Implement `solution(logs)` with the same behavior as `build_summary(logs) -> str`. You are given a list of action logs, where each log is a tuple `(user_id, time, action)`. First, group logs by user and sort each user's logs by ascending `time`. If two logs for the same user have the same timestamp, preserve their original input order. Each user's sorted actions form that user's journey. Then process users in ascending `user_id` order and insert each journey into a trie-like path tree. Every node represents one action in a prefix and stores how many distinct users reached that exact prefix. Repeated actions are valid distinct steps, so `A -> B -> B` is different from `A -> B`. For deterministic output, children must be printed in the order they were first created during insertion. Return the tree as a multiline string using depth-first preorder traversal. Print each node as `ACTION (COUNT)`. Root-level nodes have no prefix.

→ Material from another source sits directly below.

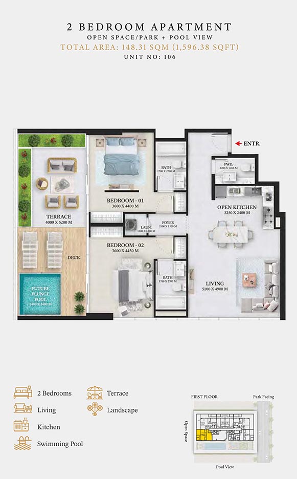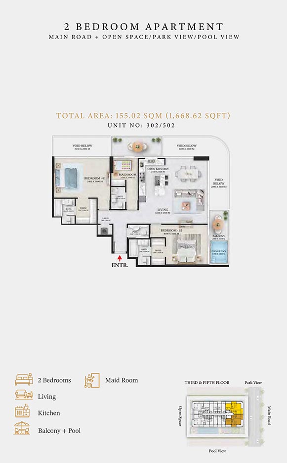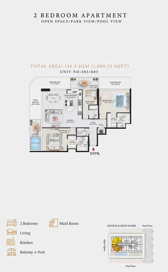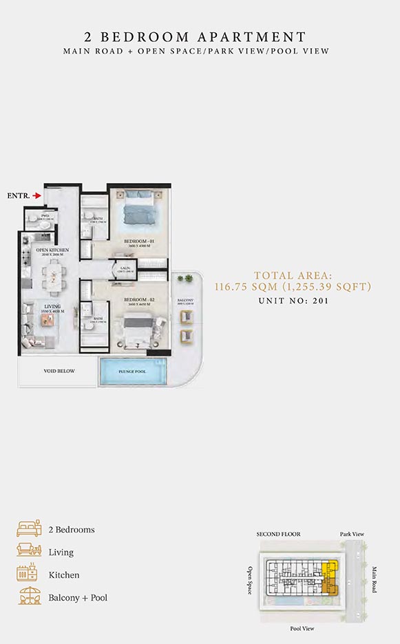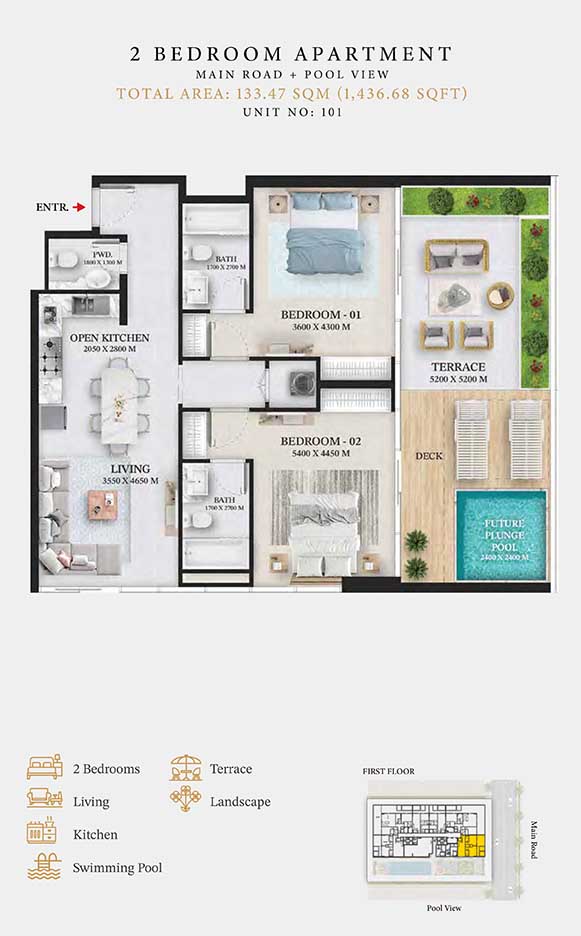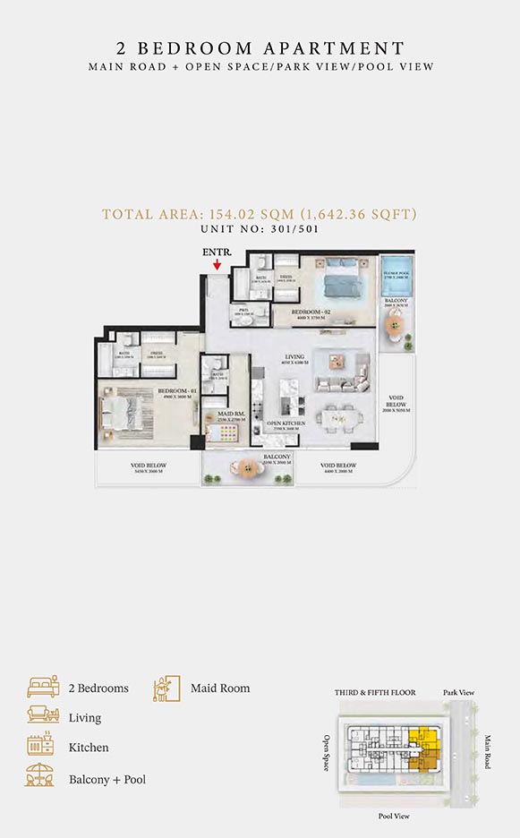 Wellington Ocean is a 6-storey opulent piece of contemporary residential architecture, with dynamic floor plans of 1 to 3-bedroom apartments & duplexes. In this exquisite low-rise address, you will have a choice of residences with or without pool and a grand duplex with personal jacuzzi. The ample storage with neutral layouts, quality furnishings, grand ceilings and windows of the same height create an inviting ambience full of comfort and style grounded in nature. Each unit is composed of open-plan layouts, fully equipped smart kitchen, plush bathrooms with expensive lighting and calm theme, quality elements & fittings.

For depth `d > 0`, prefix the line with two spaces repeated `d` times, then `-> `. If `logs` is empty, return an empty string.
Constraints
- 0 <= len(logs) <= 200000
- Each log is a tuple `(user_id, time, action)` where `user_id` and `time` are integers and `action` is a non-empty string
- If two logs belong to the same user and have the same timestamp, their relative order from the input must be preserved
- The number of created trie nodes is at most the total number of logs
Examples
Input: ([(100, 1000, 'A'), (300, 1150, 'A'), (200, 1200, 'B'), (100, 1200, 'B'), (100, 1300, 'C'), (200, 1400, 'A'), (300, 1500, 'B'), (300, 1550, 'B'), (100, 1560, 'D')],)
Expected Output: "A (2)\n -> B (2)\n -> C (1)\n -> D (1)\n -> B (1)\nB (1)\n -> A (1)"
Explanation: User 100 contributes `A -> B -> C -> D`, user 200 contributes `B -> A`, and user 300 contributes `A -> B -> B`. Counts are accumulated per prefix, and children are printed in creation order.
Input: ([],)
Expected Output: ""
Explanation: With no logs, no nodes are created, so the summary is an empty string.
Input: ([(1, 100, 'X')],)
Expected Output: "X (1)"
Explanation: A single user with one action creates a one-node tree.
Input: ([(1, 100, 'A'), (1, 200, 'B'), (2, 100, 'A'), (2, 200, 'B')],)
Expected Output: "A (2)\n -> B (2)"
Explanation: Both users follow the same journey, so the same trie path is shared and each prefix count becomes 2.
Input: ([(1, 300, 'C'), (1, 100, 'A'), (1, 200, 'B')],)
Expected Output: "A (1)\n -> B (1)\n -> C (1)"
Explanation: The user's logs arrive unordered, so they must be sorted by time before insertion.
Input: ([(1, 100, 'B'), (1, 100, 'A')],)
Expected Output: "B (1)\n -> A (1)"
Explanation: The two logs have the same timestamp for the same user, so their original input order is preserved: `B` then `A`.
Input: ([(2, 10, 'A'), (1, 10, 'B')],)
Expected Output: "B (1)\nA (1)"
Explanation: Users are inserted in ascending `user_id` order, so user 1 creates root node `B` before user 2 creates root node `A`, even though user 2 appears first in the input.
Hints
- Store each log's original index before sorting so equal timestamps for the same user stay in input order.
- After building one ordered action list per user, insert those lists into a trie and increment the count along each visited node. An insertion-ordered map/dictionary helps keep child output deterministic.